Latest revision as of 00:06, 19 August 2024

There are many different ways of getting people together to discuss something on the Internet. This page covers a few of them, and includes information on advantages and disadvantages as well as on where to look for more information.

Usenet groups

Newsgroups are distributed among tens of thousands of news servers. Internet service providers (ISPs), universities, companies and other organizations — in some cases, even private persons — operate those servers. Each server receives (hopefully) copies of all messages in a newsgroup and stores them in a sort of database. News servers automatically exchange these messages among themselves to keep each other's databases up to date.

Each participant in a newsgroup reads messages from, and posts messages to, his or her local news server. This is done using news-reading software such as the newsgroup module in Microsoft Outlook Express.

Mailing lists

A mailing list is possibly the simplest kind of forum. Participants subscribe to a mailing list by having their email address placed on a list of addresses that are to receive messages about a certain topic. They post messages to the list by sending email to a "list address". The list software emails copies to all participants, who therefore receive and handle the messages the same way as their other email.

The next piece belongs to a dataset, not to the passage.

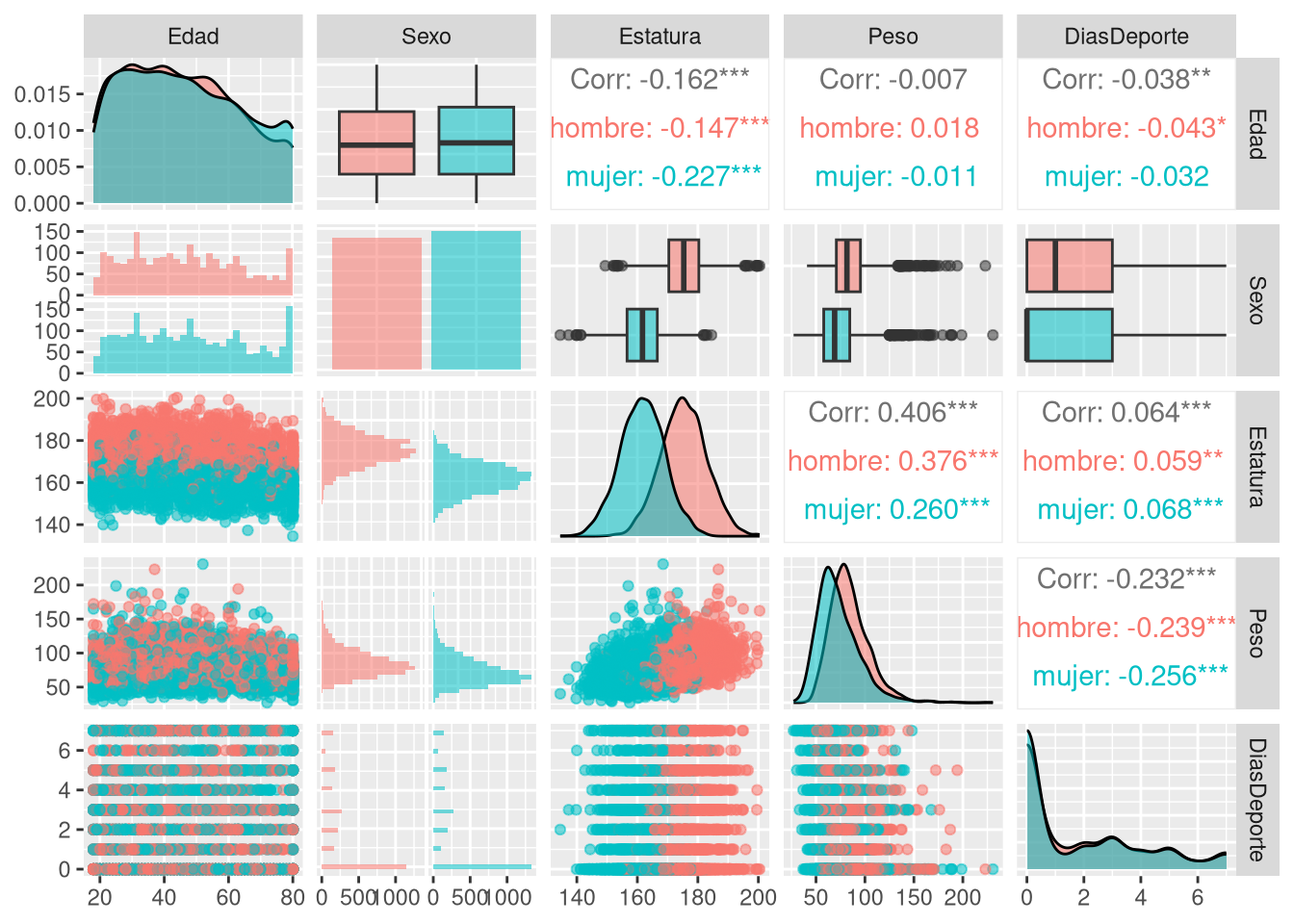Se puede utilizar la función ggpairs del paquete GGally para dibujar un diagrama de relación entre todos los pares de variables del conjunto de datos. Asociar el sexo a la dimensión del color.

Normally, mailing lists are managed automatically or semi-automatically, using list-server software such as Mailman, Majordomo, LISTSERV or ListProc. Your ISP may be able to provide this service for their users.

Bulletin boards

A web-based bulletin board exists on a web site. To use it, participants point their web browsers to a certain web address (URI) and see a list of message subjects. They can post messages by entering them into a form on a web page. Your ISP may offer such a service, or you can use a separate provider.

If you have your own web site, your hosting service may have web board software available, or you may be able to install it.

Comparison

The different kinds of forums each have advantages and disadvantages in various respects:

Ease of use (for participants)

Mailing lists

Everybody knows how to send and receive email, right? ☺ Using a mailing list involves little more than knowing where to send a message so that it is posted. Usually, your mail software's reply function even takes care of this.

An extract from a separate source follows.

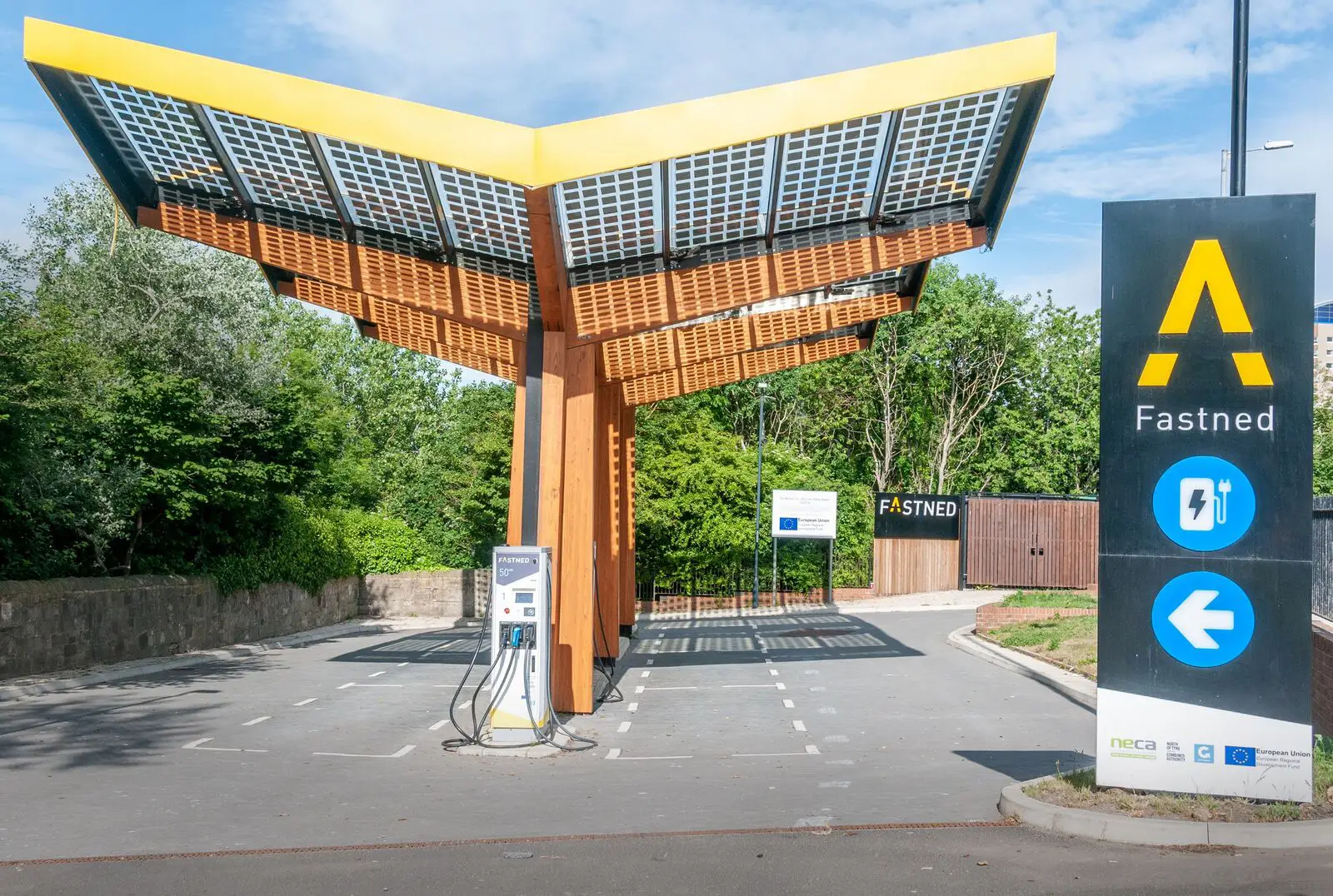 A solar-powered Fastned charging station with a distinctive V-shaped roof amidst greenery.

Main problems from a participant's point of view:

  • How to find out about the list in the first place and how to subscribe.
  • Remembering how to unsubscribe from the list when necessary (such as when you go on vacation, so your mailbox does not fill up while you are away).
  • Managing the extra email in your mailbox (some lists have hundreds of participants, and may deliver dozens of messages every day).


Bulletin boards

With a web-based bulletin board, participants have to figure out how to use each particular board's interface, which can (and probably does) vary from one board to the next. However, they do not have to worry about their mailboxes while on vacation; all the messages are stored on the board's hosting site, which removes old messages as necessary.

Newsgroups

With a newsgroup, the user interface varies from one person to another, depending on the software he or she uses. That software may be e.g. Microsoft Outlook Express or Forté Agent, but for that person, it is the same for all newsgroups. This means that if you know how to access one newsgroup, you know how to access them all. In addition, similar to a web board, the messages are stored on your news server, which automatically causes old messages to expire, so you do not have to worry about your mailbox.

Management issues

With a mailing list or Web board, the owner can have complete control over who participates and what they post. Most newsgroups are instead non-moderated, which means that anyone can participate and can post anything he or she wants, subject only to peer pressure from other participants, and/or regulation by the user's own ISP. This can make it hard to keep a newsgroup focused on a particular topic.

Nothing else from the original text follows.